[WORK ITEM] Pictures stay out of the copy. Repeat exactly the lines from the first entry below through the line that contains "O resultado final", and nothing beyond.

Start of Block

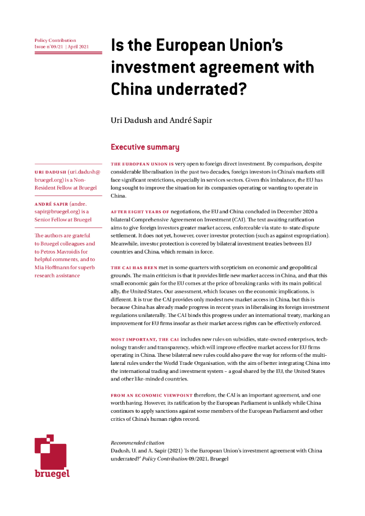 布鲁盖尔研究所:欧盟与中国的投资协议被低估了吗?(英文版).pdf
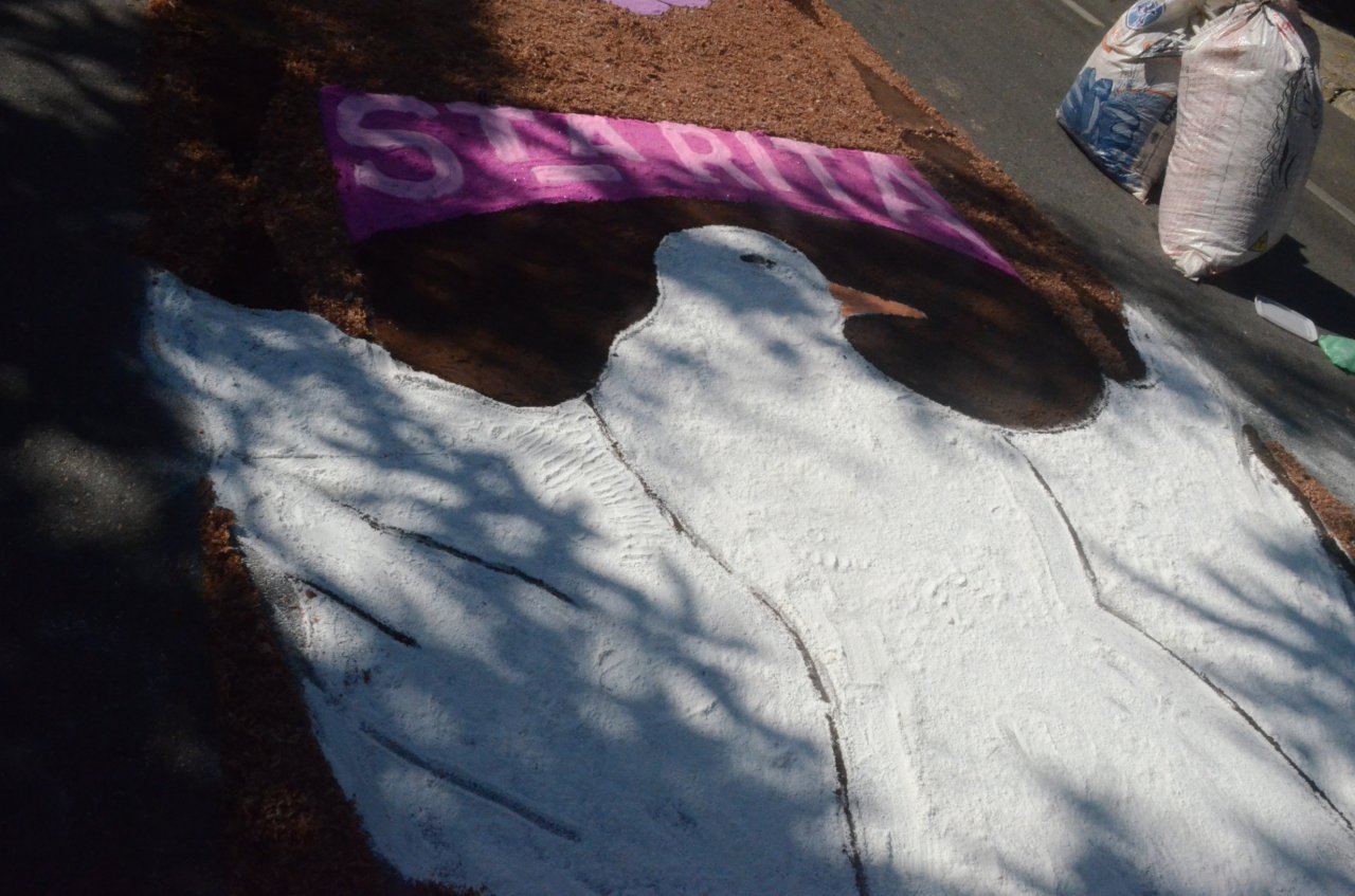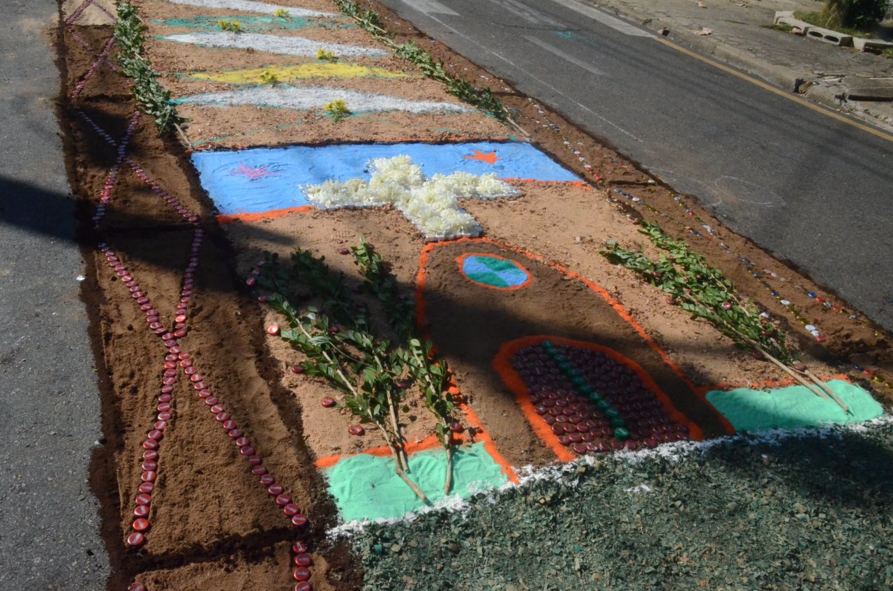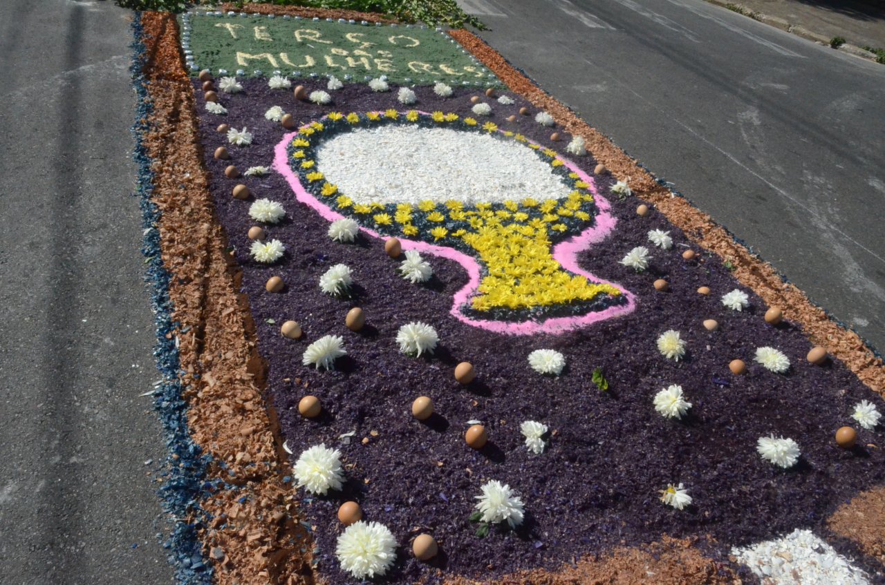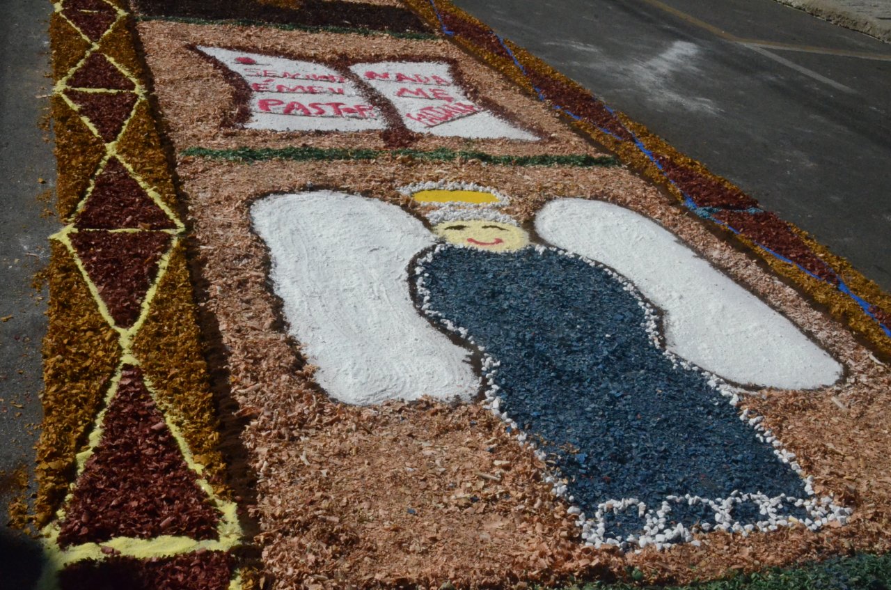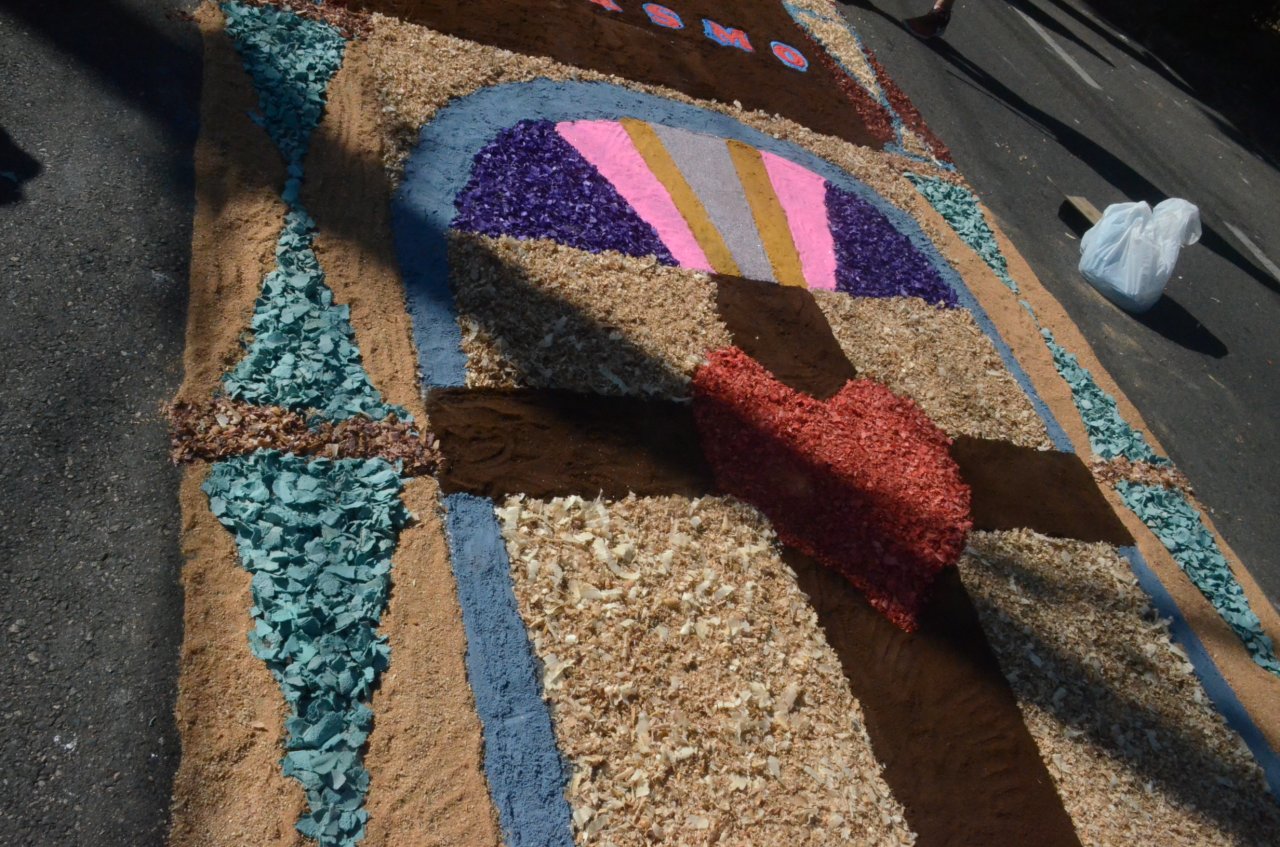 O resultado final foi bastante positivo, ou seja, um enorme tapete muito colorido e festivo, com diversas mensagens, imagens religiosas e frases para reflexão, para a passagem do Santíssimo Sacramento.
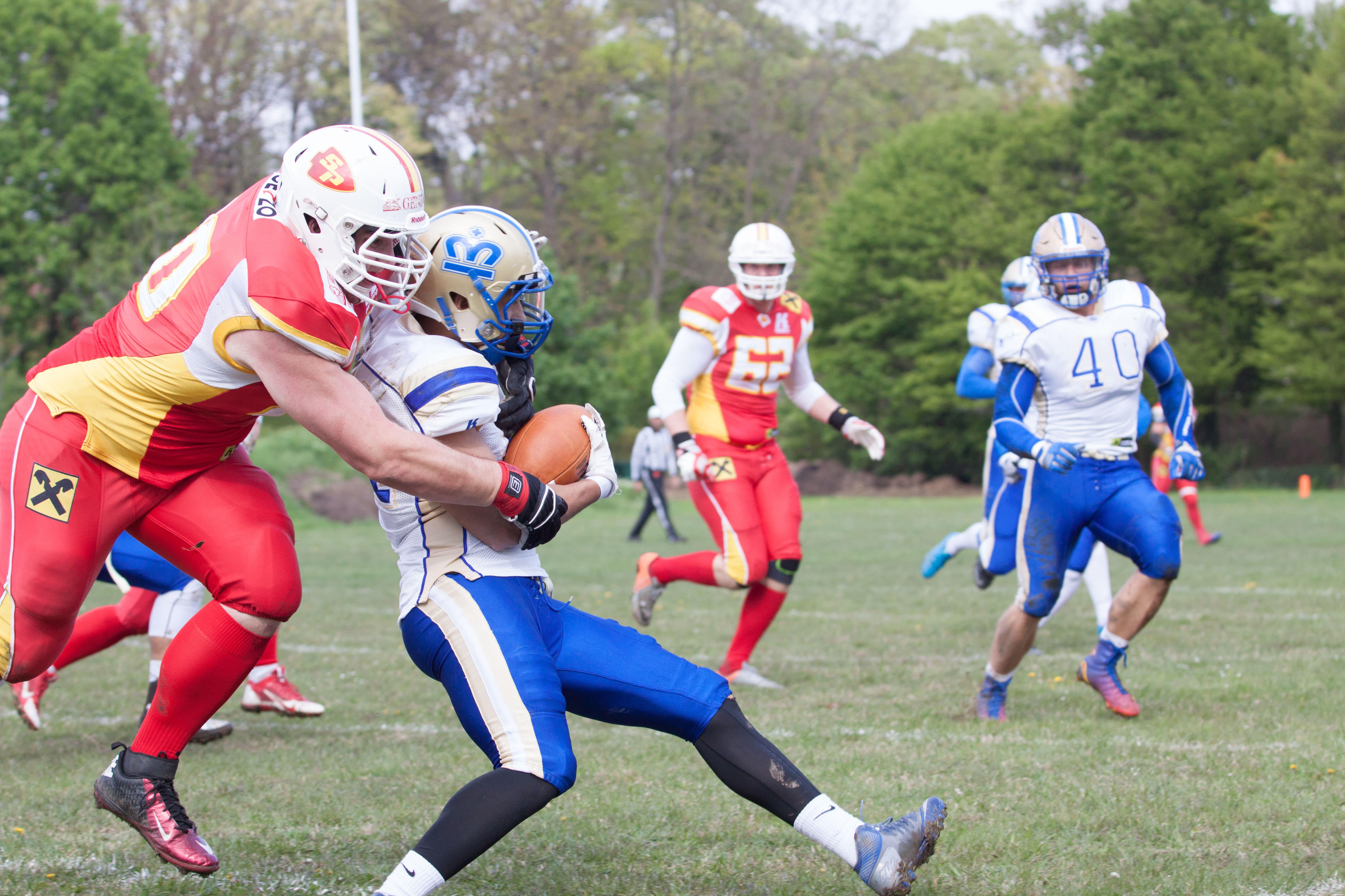 Die St. Pöltner starteten eigentlich gut in das Spiel und bewegten im ersten Drive den Ball kontinuierlich über das Feld konnten allerdings aufgrund eines Fumbles 2 Yards vor der Endzone keine Punkte erzielen. Die Monarchs im Gegenzug arbeiteten sich ebenso vorwärts und konnten auf 7:0 stellen (PAT Good).
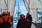 We’ve risen to the Antarctic drilling challenge – our riser is in, connecting the ‘Big Rig’ at the surface of the ice to the bedrock 523 m below. This is a custom-designed piece of engineering, made up of a series of weighted components which lodge into the bedrock, followed by sections of pipe. The riser parts are carefully lowered down the hole through the ice made by our hot water drillers, who continue to provide a source of warm water to stop the pipe freezing in place. With the drillers beginning to ‘run’ our drill string (smaller diameter pipe through which we will send our core barrel), we’re edging closer to drilling for the geological record we’re seeking!
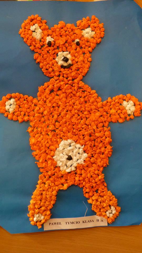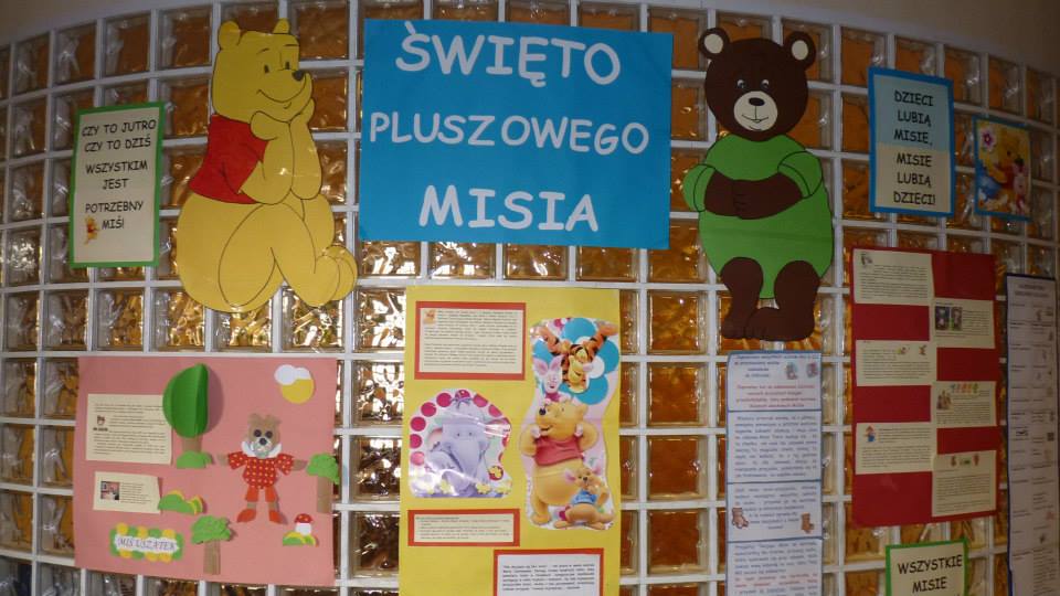 Od 2012 r. wszystkie misie maj± swoje ¶więto. W kalendarzu ¶wi±t traktowanych z lekkim przymrużeniem oka zapisano pod dat± 25 listopada ¦wiatowy Dzień Pluszowego Misia. Biblioteka Szkoły Podstawowej w Imielinie zaprosiła misie małe i duże, maskotki wzorowane na popularnych bajkach i anonimowe misie z naderwanym uszkiem. ٱczyło je jedno - były to UKOCHANE misie naszych najmłodszych uczniów. Zebrała się ich spora gromadka i prawie każda misiowa mama i tata codziennie odwiedzali swoje misie! Do biblioteki zaprosili¶my też grupę przedszkolaków-sze¶ciolatków, którzy maj± zajęcia w budynku w pobliżu szkoły, wraz z ich wychowawczyniami. Starsi koledzy przygotowali dla przedszkolaków inscenizację o misiach. Były też zabawy, konkurs i wesołe wierszyki o misiach. Dzieci przypomniały sobie postacie znanych misiów, bohaterów ksi±żek i filmów, poznały historię misia-zabawki. Dużo rado¶ci sprawiło im wykonanie portretów misia technik± orgiami. Mali go¶cie poradzili sobie ¶wietnie pracuj±c pod okiem pani Agnieszki Pawelec, wychowawczyni ¶wietlicy, która z powodzeniem przekazuje uczniom swoj± pasję i zachęca do zabaw t± technik±. Wędruj±c na zajęcia plastyczne do ¶wietlicy szkolnej mali go¶cie zajrzeli do klas, gdzie ucz± się pierwszoklasi¶ci, odwiedzili sekretariat i gabinet pani dyrektor. Spotkanie było naprawdę „misiowo” udane. Misie wracaj± już do domu, każda misiowa mama/tata dostanie dyplom za udział misia w wystawie.

End of Block

[ANSWER SPACE]
 布鲁盖尔研究所:欧盟与中国的投资协议被低估了吗?(英文版).pdf
 O resultado final foi bastante positivo, ou seja, um enorme tapete muito colorido e festivo, com diversas mensagens, imagens religiosas e frases para reflexão, para a passagem do Santíssimo Sacramento.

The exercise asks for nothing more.